For the material below, return exactly the lines starting at the one holding "眠博士 2025新款A类纯色全棉磨毛大床床笠三件套 磨毛床笠-陶瓷浅灰" and ending at the one holding "Vải dù cao cấp", counting both as part of the range.
### Source material
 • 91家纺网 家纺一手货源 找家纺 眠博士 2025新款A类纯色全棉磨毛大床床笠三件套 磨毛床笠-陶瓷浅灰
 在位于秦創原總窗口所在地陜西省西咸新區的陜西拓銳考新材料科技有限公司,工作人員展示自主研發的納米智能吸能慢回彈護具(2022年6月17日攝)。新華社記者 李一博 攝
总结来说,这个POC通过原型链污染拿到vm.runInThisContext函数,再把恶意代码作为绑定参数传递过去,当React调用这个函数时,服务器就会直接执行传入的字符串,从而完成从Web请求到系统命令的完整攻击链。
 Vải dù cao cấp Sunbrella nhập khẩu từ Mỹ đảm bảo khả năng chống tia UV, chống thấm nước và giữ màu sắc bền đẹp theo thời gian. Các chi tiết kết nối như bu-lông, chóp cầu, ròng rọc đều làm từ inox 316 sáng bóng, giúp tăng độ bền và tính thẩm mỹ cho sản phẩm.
######
### Source material
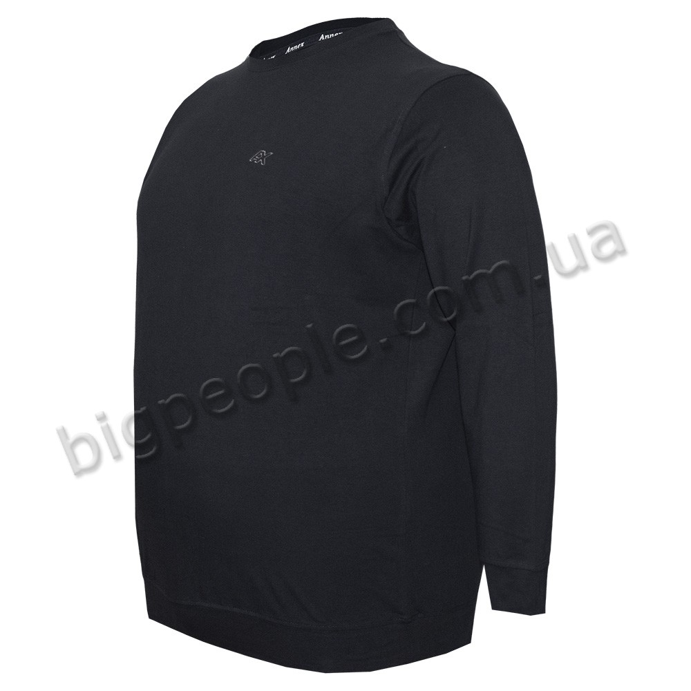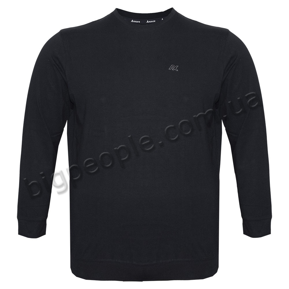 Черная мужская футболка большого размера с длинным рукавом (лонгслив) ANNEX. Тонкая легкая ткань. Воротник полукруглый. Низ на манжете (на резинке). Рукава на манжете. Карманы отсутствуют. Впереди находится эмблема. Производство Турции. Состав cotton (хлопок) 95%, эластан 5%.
######
Answer section:
 • 91家纺网 家纺一手货源 找家纺 眠博士 2025新款A类纯色全棉磨毛大床床笠三件套 磨毛床笠-陶瓷浅灰
 在位于秦創原總窗口所在地陜西省西咸新區的陜西拓銳考新材料科技有限公司,工作人員展示自主研發的納米智能吸能慢回彈護具(2022年6月17日攝)。新華社記者 李一博 攝
总结来说,这个POC通过原型链污染拿到vm.runInThisContext函数,再把恶意代码作为绑定参数传递过去,当React调用这个函数时,服务器就会直接执行传入的字符串,从而完成从Web请求到系统命令的完整攻击链。
 Vải dù cao cấp Sunbrella nhập khẩu từ Mỹ đảm bảo khả năng chống tia UV, chống thấm nước và giữ màu sắc bền đẹp theo thời gian. Các chi tiết kết nối như bu-lông, chóp cầu, ròng rọc đều làm từ inox 316 sáng bóng, giúp tăng độ bền và tính thẩm mỹ cho sản phẩm.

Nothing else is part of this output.